A Changing Order: New Zealand Womens Lives
Book file PDF easily for everyone and every device.
You can download and read online A Changing Order: New Zealand Womens Lives file PDF Book only if you are registered here.
And also you can download or read online all Book PDF file that related with A Changing Order: New Zealand Womens Lives book.
Happy reading A Changing Order: New Zealand Womens Lives Bookeveryone.
Download file Free Book PDF A Changing Order: New Zealand Womens Lives at Complete PDF Library.
This Book have some digital formats such us :paperbook, ebook, kindle, epub, fb2 and another formats.
Here is The CompletePDF Book Library.
It's free to register here to get Book file PDF A Changing Order: New Zealand Womens Lives Pocket Guide.
Printed and widely distributed, the address provided a link with the past and a programme for the future.
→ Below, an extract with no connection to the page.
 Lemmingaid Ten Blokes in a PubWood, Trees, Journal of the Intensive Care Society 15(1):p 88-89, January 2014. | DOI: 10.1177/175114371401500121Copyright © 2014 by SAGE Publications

Sheppard made a fervent plea for equality, urging that neither the accident of birth nor the incidence of sex should 'bar the right of each human being to self-development', and welcoming the recent extension of the franchise and eligibility for Parliament to women in many countries.
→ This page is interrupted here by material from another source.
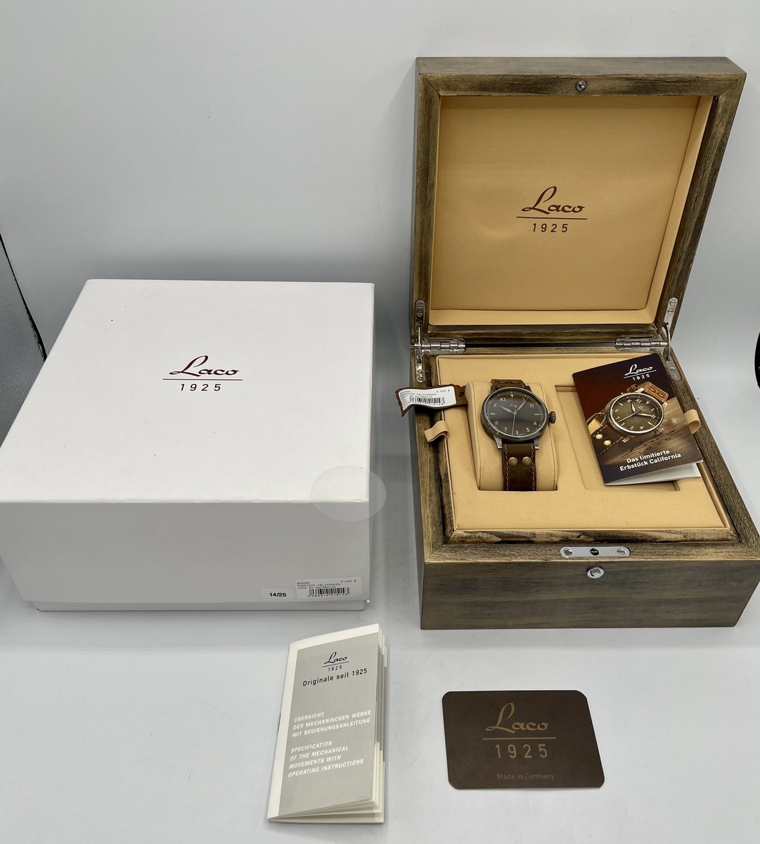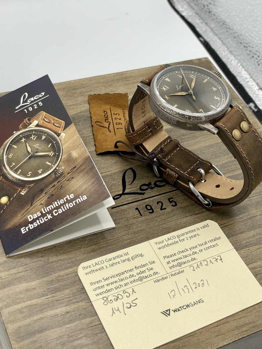 Pierwszego listopada 2017 roku firma Laco zaanonsowała króciutką serię limitowaną przedziwnego modelu. Króciutką, bo składającą się zaledwie z 25 egzemplarzy. Przedziwnego modelu, bo zegarek Laco ref. 862091 oprawiony był w 42-milimetrową kopertę Fliegeruhr Original Erbstück, ale miał tarczę z mieszanymi indeksami, zwaną powszechnie "California"! Chyba wszyscy się zgodzą, że to coś dziwnego: połączenie obudowy, która w sposób absolutnie doskonały naśladuje kształt kopert drugowojennych Beobachtungsuhrów Laco z tarczą stworzoną przez Rolexa jeszcze w latach 40. ubiegłego wieku. Pomysł ten był efektem współpracy Laco z niemieckim wydawnictwem Ebner Media Group GmbH & Co. KG, publikującym m.in. czasopisma "Uhren Magazin" czy "Chronos". Zegarek nie był dostępny w firmie Laco czy u jej dystrybutorów, lecz można go było kupić tylko i wyłącznie we wspomnianym wydawnictwie, płacąc 1990 EUR.

Even reform of the electoral system through proportional representation found its place. In considering the structure of NCW itself, Sheppard was equally far-sighted. Multiply the societies, she said, link them through a newsletter, enlist younger members, and through ICW co-ordinate with women in other lands.
From the start, the revived council, though appreciably less radical than its predecessor, was equally political in its aims.
Gender equality in New Zealand
The conference set up an Advisory or Intelligence Committee of Wellington members to advise on 'Parliamentary business requiring immediate attention'—the forerunner of the Parliamentary Watch Committee. Later the aim was to increase the number of women on statutory bodies and in local and central government. The rights of the wife were an ongoing concern of NCW from the first call for economic independence in to the suffrage anniversary in Equal rights in the guardianship of children was one issue, equality in divorce law and adequate sustenance for the divorced wife another.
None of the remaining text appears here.